The skill had other benefits, too. Being the only two brown kids in school, Adeem and Derek were practically walking targets for people like Chris Wakely, the kind of kid who proudly hung a certain red baseball cap in his locker and grumbled, loudly, about the growing population of “Mexicans” during every school assembly. When Chris Wakely called him a terrorist in the hallway last year, Adeem hacked into Chris’s email and created a macro that made every one of Chris’s emails autosign as Shit Wakely. Coach Grier wasn’t too thrilled; apparently, it had made Chris’s college football scholarship prospects a little . . . strained.
But that was the extent Adeem had ever used his talents: making silly little games, pulling stupid pranks. As for anything else—anything more—some invisible weight was holding Adeem back.
How was he supposed to explain to Miss Takemoto and his parents that taking his coding talent seriously would mean that his future would forever be tied down to memories of his sister?
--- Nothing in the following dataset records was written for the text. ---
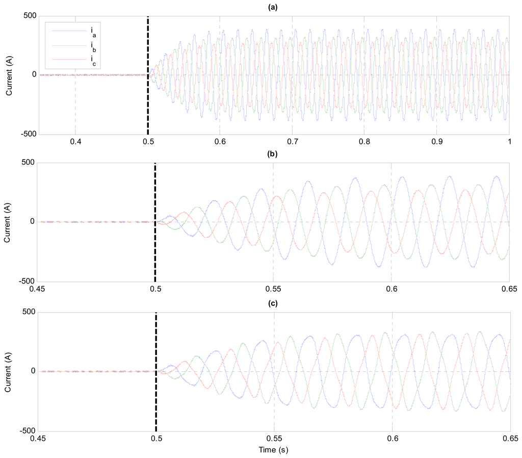 The current flowing from the VSC to the grid is represented in Figure 16a in abc-axes. Since no load is connected to the PCC, the current before enabling the voltage control is zero. Afterwards, the VSC provides an unbalanced current in order to compensate the negative sequence component. This is better observed in Figure 16b, which is a representation of Figure 16a between t = [0.45 0.65] s. Figure 16c is the equivalent of Figure 16b if the resonant controller 2ω is not included in the DC-link voltage controller, showing a PCC current with a 3rd order harmonic.
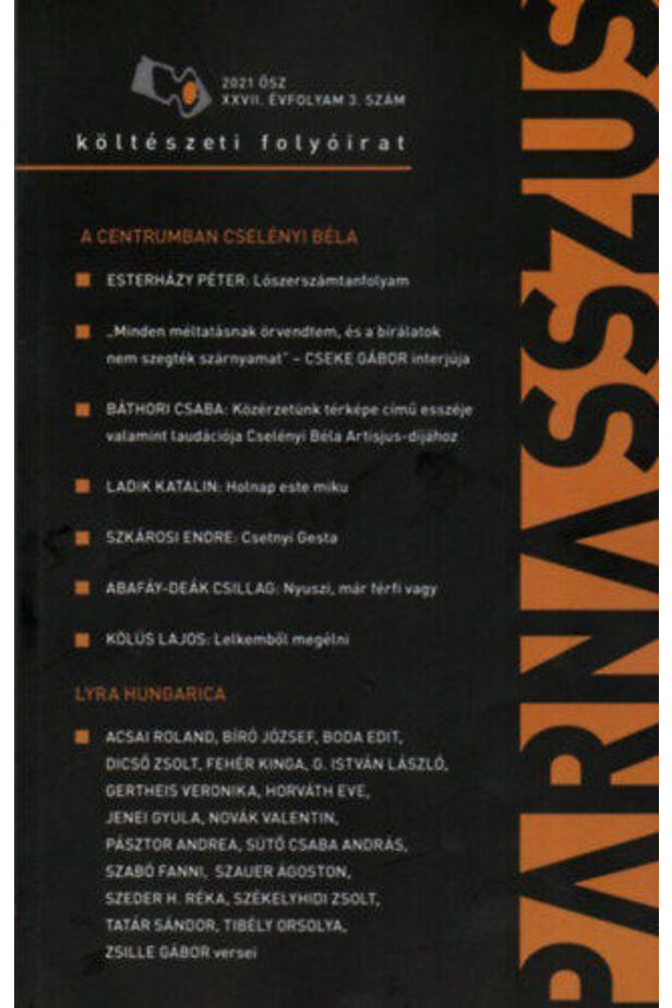 IN THE CENTER BÉLA CSELÉNYI Péter Esterházy: Horse tool course "I enjoyed all the praise, and the reviews didn't break my wings" -Deák Csillag: Bunny, already a man or Lajos Kölüs: Living from my soul LYRA HUNGARICA Roland Acsai, József Bíró, Edit Boda, Zsolt Dicső, Kinga Fehér, László G. Gertheis, Eve Horváth, Gyula Jenei, Andrea Novák Poems by András Csaba Sütő, Fanni Szabó, Ágoston Szauer, Réka H. Szeder, Zsolt Székelyhidi, Sándor Tatár, Orsolya Tibély, Gábor Zsille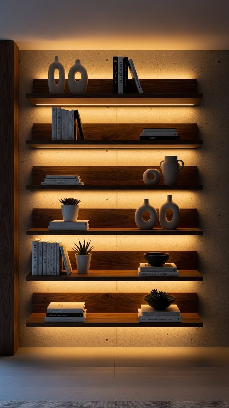 19. Try Backlit Wall Shelving for Modern Ambiance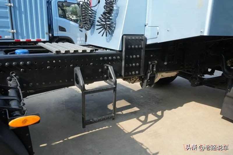 车架右侧设有台阶可供驾驶员来到动力电池舱后方的工作平台上。车架右侧空间相对比较充裕,未来生产的车型可以考虑把备胎架布置在这里以提高空间利用率。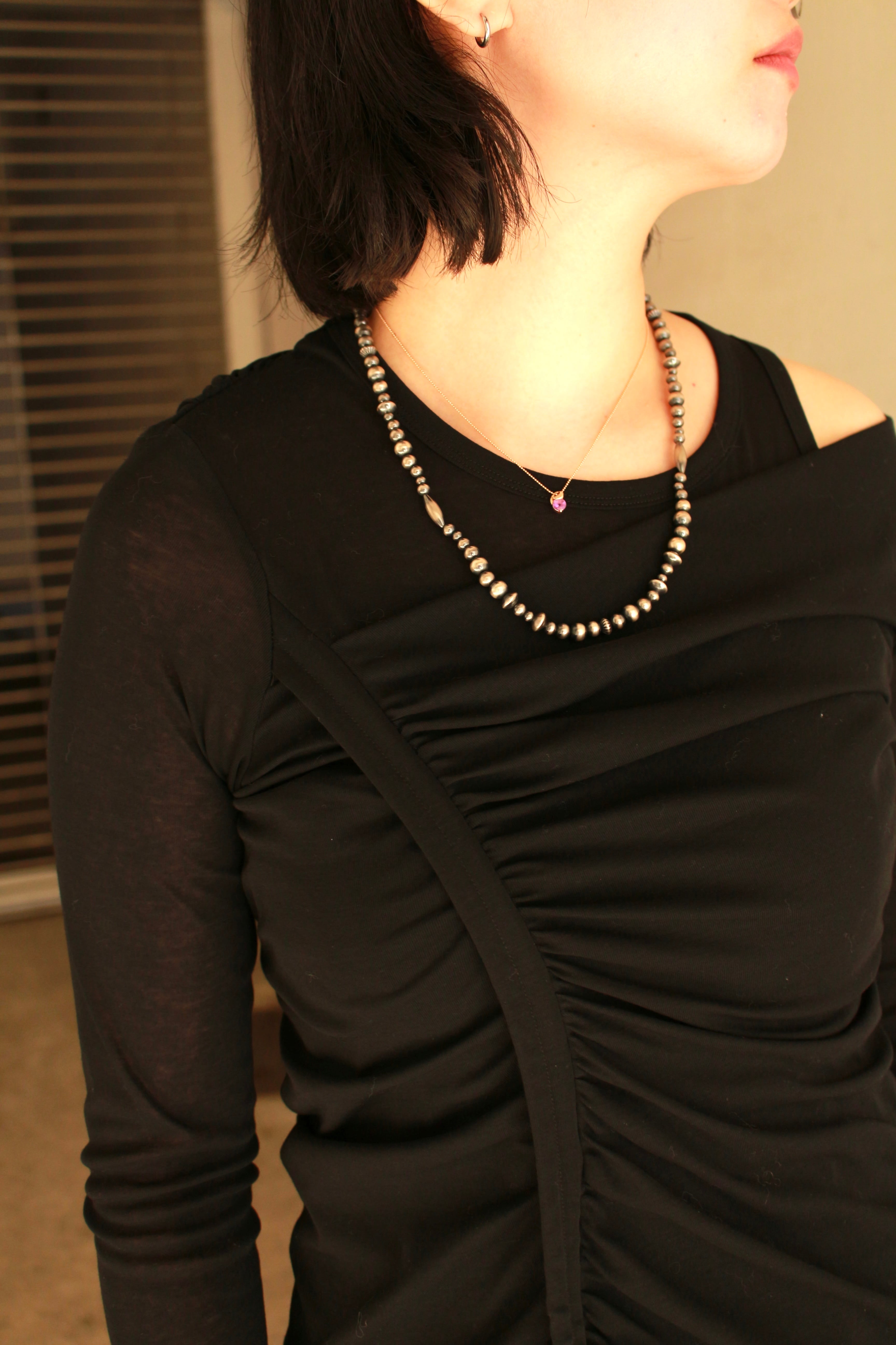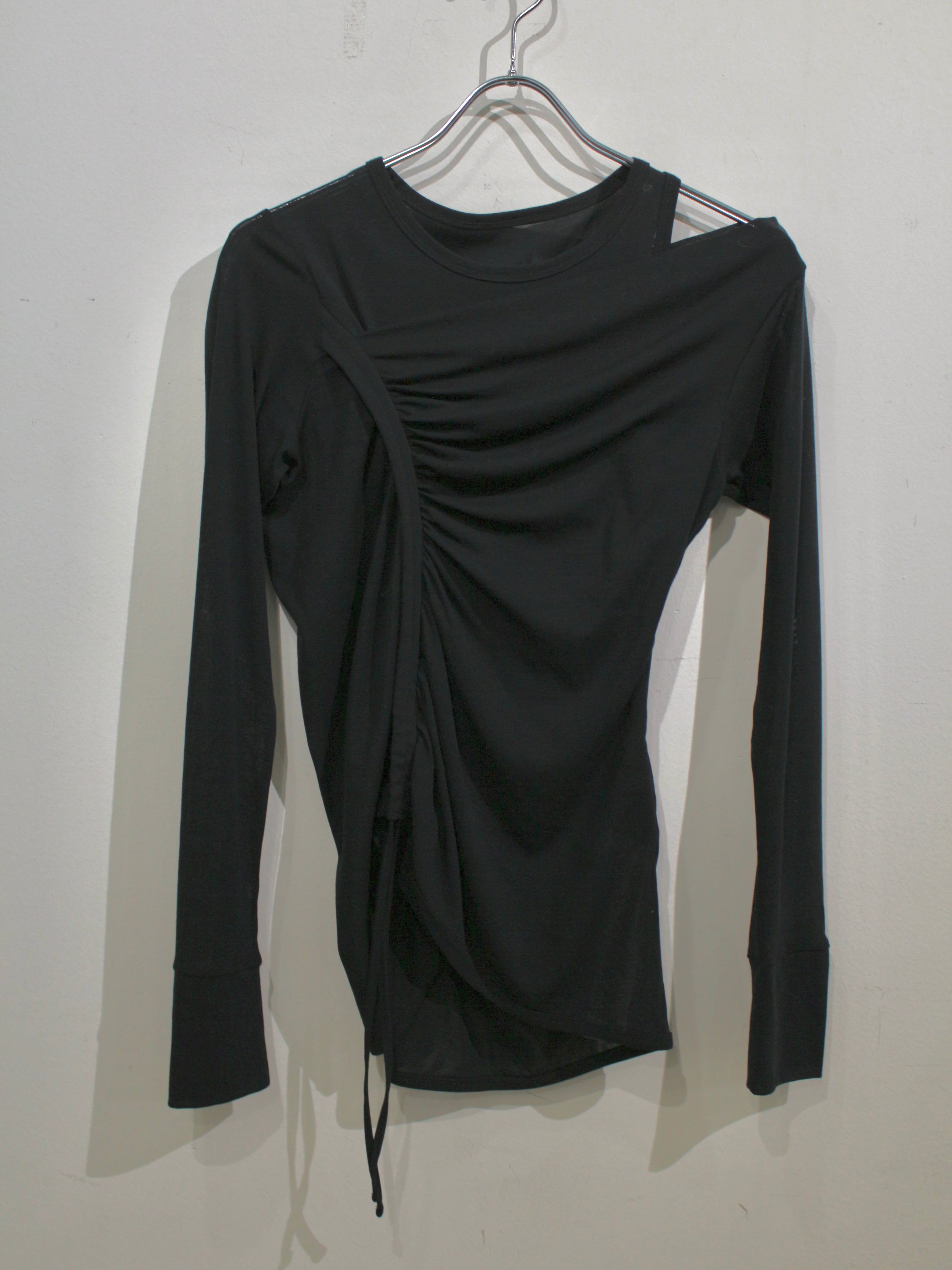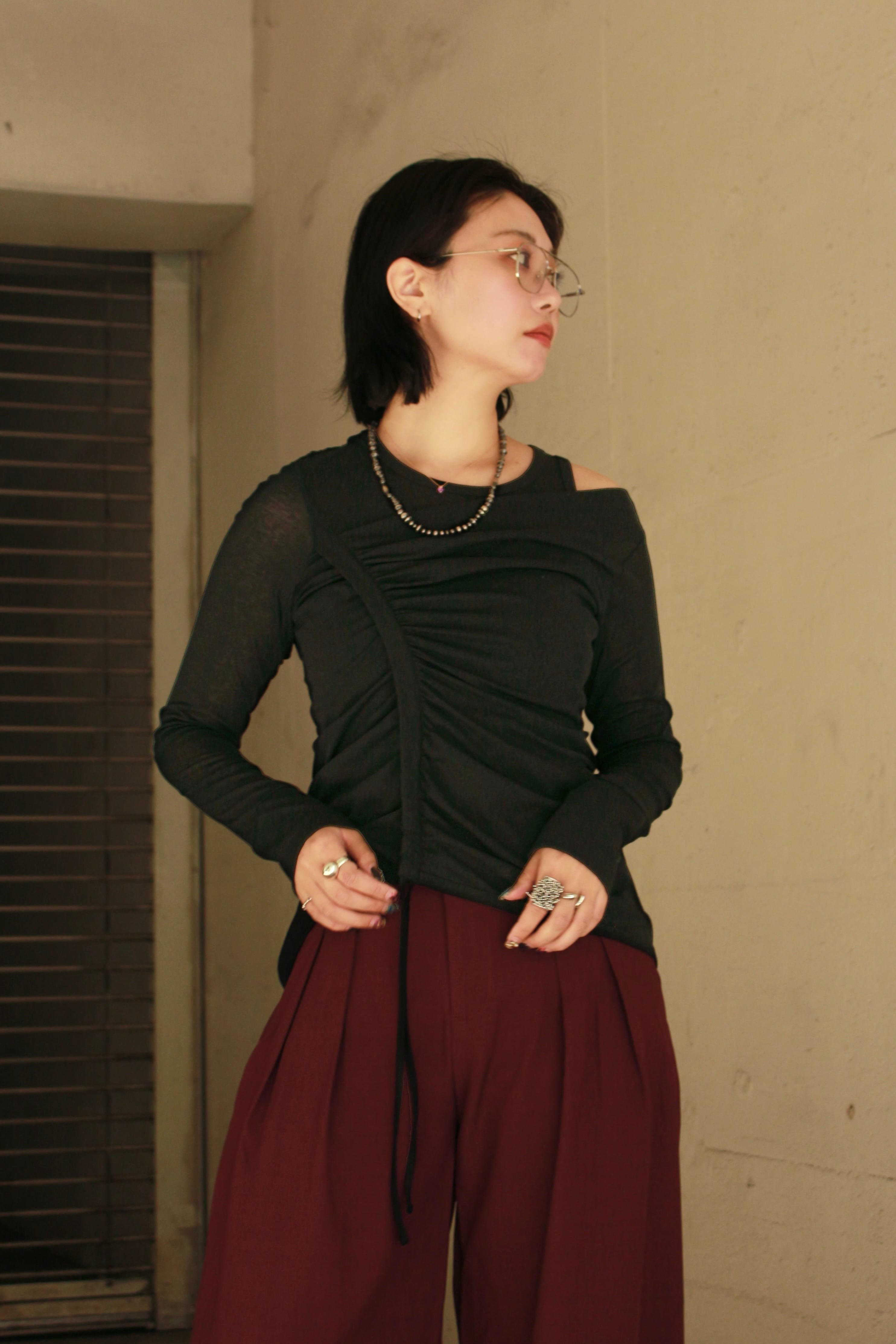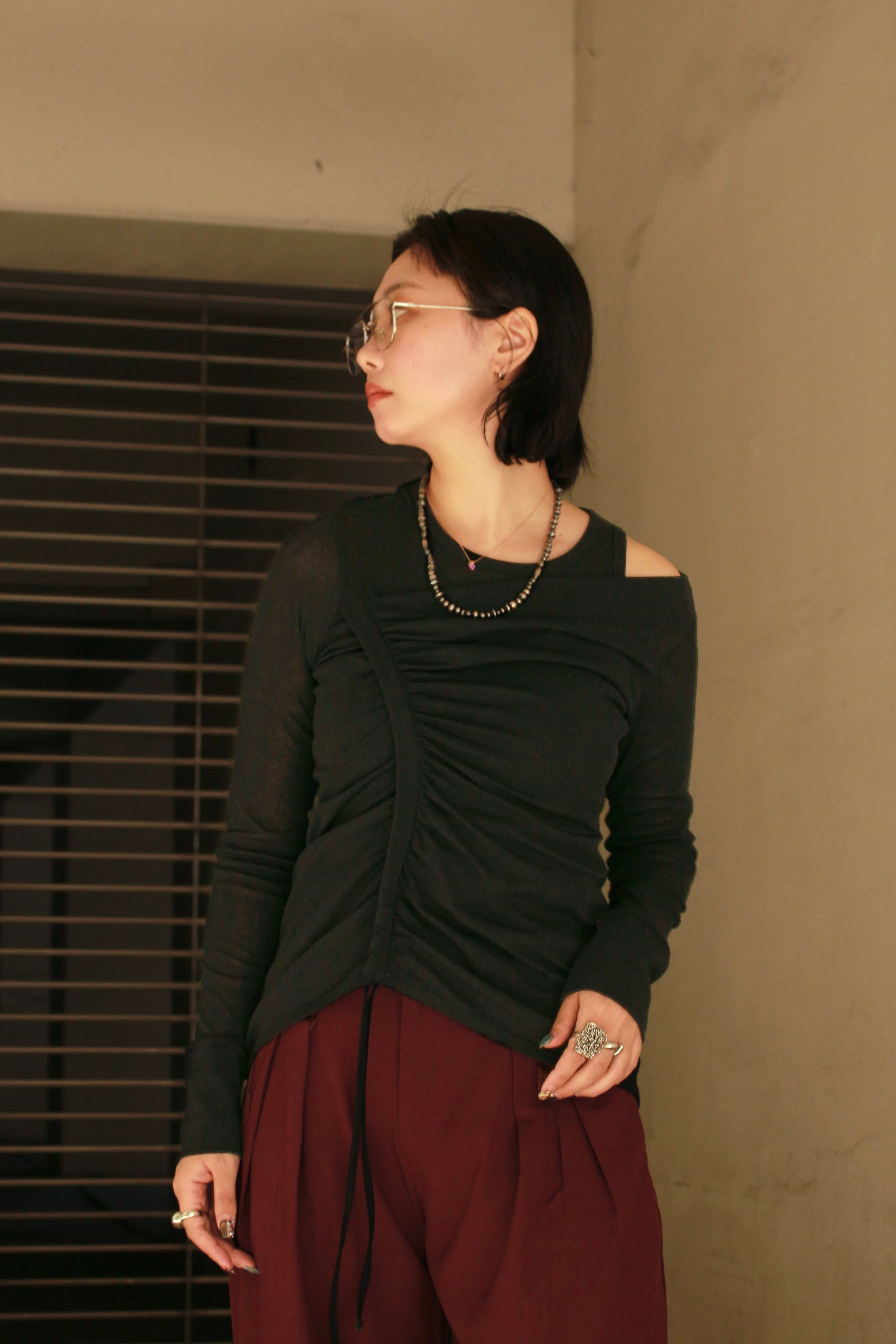 アシンメトリーなドレープが体を覆う

Memories that still stung every time he saw the chipped Philco radio or wrote new code he was proud of. Code that she would have been proud of, too.
If she’d cared enough to stick around.
The eighth-period bell chimed.
He turned off the computer and stood, racing to pack his notebook, when Miss Takemoto called his name, her voice only just bobbing above the cacophony of rustling backpacks and chairs scraping across the linoleum floor.
She was waving him over. Dread coiled down from his stomach to his feet, fastening him to the floor.
Derek looked at him sympathetically and shook his head but said nothing. Adeem breathed in, letting the oxygen settle before walking through the crowd of glazed-eyed students making their way out of the classroom.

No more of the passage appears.